◆ **What the task asks**
Leave the pictures out and write out the rest of the listing word for word.
===== Collected data =====
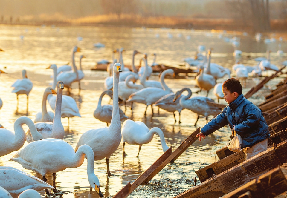 2022年12月30日,運城市平陸縣三灣黃河濕地,夕陽下一群白天鵝在波光粼粼的河面上游弋嬉戲,它們時而引吭高歌,時而翩翩起舞,在落日余暉映照下,金色的湖面和靈動的白天鵝構(gòu)成了冬日里一道亮麗的風(fēng)景線。(劉文禮攝)
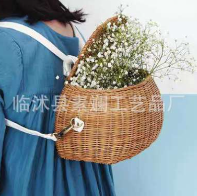 ins款小背篓 儿童自行车车筐 手工藤编玩具篓
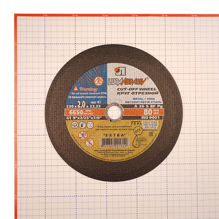 Круг отрезной абразивный ЛУГА по металлу 230х2х22- расходный сменный элемент для УШМ изготовлен из электрокорунда нормального марки 14А на основе бакелитовой связки с армированием.
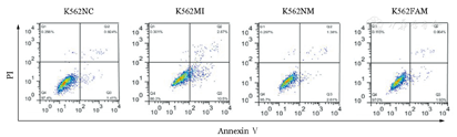 K562MI组:转染miRNA-21抑制物;K562NM组:转染随机序列对照(长度与miRNA-21抑制物相同);K562FAM组:转染荧光素FAM对照
=====
◆ **Response for this exercise**
 2022年12月30日,運城市平陸縣三灣黃河濕地,夕陽下一群白天鵝在波光粼粼的河面上游弋嬉戲,它們時而引吭高歌,時而翩翩起舞,在落日余暉映照下,金色的湖面和靈動的白天鵝構(gòu)成了冬日里一道亮麗的風(fēng)景線。(劉文禮攝)
 ins款小背篓 儿童自行车车筐 手工藤编玩具篓
 Круг отрезной абразивный ЛУГА по металлу 230х2х22- расходный сменный элемент для УШМ изготовлен из электрокорунда нормального марки 14А на основе бакелитовой связки с армированием.
 K562MI组:转染miRNA-21抑制物;K562NM组:转染随机序列对照(长度与miRNA-21抑制物相同);K562FAM组:转染荧光素FAM对照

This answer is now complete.